Por todo lado, do telejornal à conversa cotidiana, somos recriminados por comer demais, beber demais, fumar, trabalhar muito, fazer pouco exercício físico, não nos prevenirmos corretamente e agora também aglomerarmos-nos e usarmos máscaras de maneira incorreta. O fato é que a sociedade transformou-se em uma religião civil impondo seus dogmas de moralidade laica sobre seus membros.

A impressão que dá é de que somos irresponsáveis. Tratam-nos como inveterados pecadores a ferir ininterruptamente um decálogo que nem sabemos qual é. Sentimo-nos como crianças travessas, tendo de esconder nossos atos para não sermos repreendidos.

E se ousamos nos rebelar, insistindo que as escolhas são nossas e não cabe a ninguém se meter com os hábitos que desenvolvemos, sejam eles bons ou maus, logo os inquiridores do novo mundo trazem à tona o argumento do bem comum. Ah, o bem comum!
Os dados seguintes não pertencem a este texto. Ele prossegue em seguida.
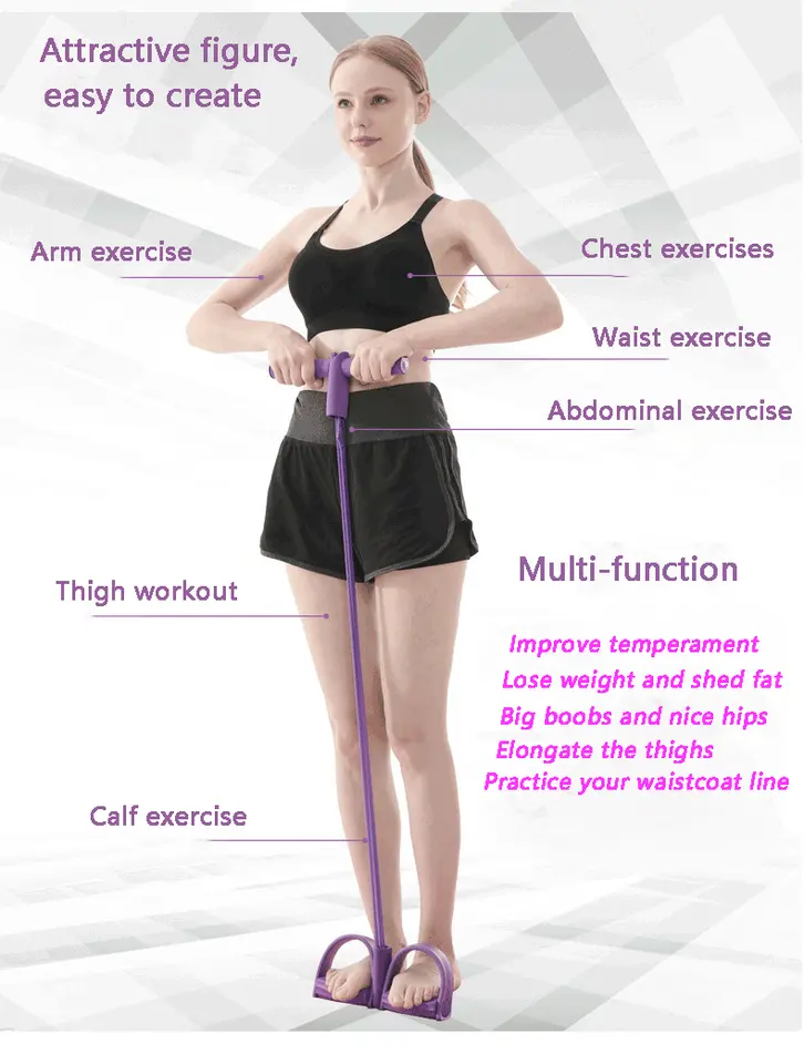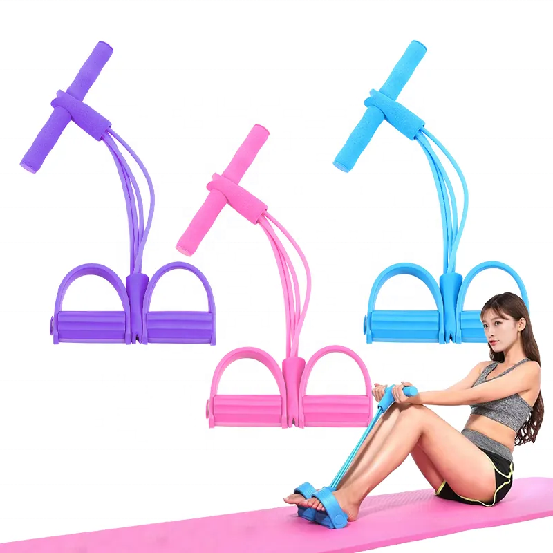 Banda de resistencia multifunción de fuente de fábrica, cuerda elástica para sentarse de 4 tubos con Pedal de pie, equipo de ejercitador Abdominal Fitn

Este perpétuo legitimador de toda perseguição e acusação, em nome do qual, se pudessem, denunciariam-nos, prenderiam-nos e até matariam-nos.

Por causa do bem comum, referem-se a nós como se fôssemos as piores pessoas que existem, ainda que o mal do qual nos acusam seja incerto e diferido, como a hipotética ocupação de um leito hospitalar, daqui a trinta anos, custeado por um plano de saúde que paguei por cinquenta.

A verdade é que não querem que reste mais nada da nossa autodeterminação. Tudo o que fazemos, se não está de acordo com os cânones da moralidade contemporânea, apressam-se em censurar. Não permitem que sejamos mais os donos do nosso destino. E se alguém ousa seguir seu próprio rumo, precisa se preparar para ser tratado como um pária, quando não um criminoso.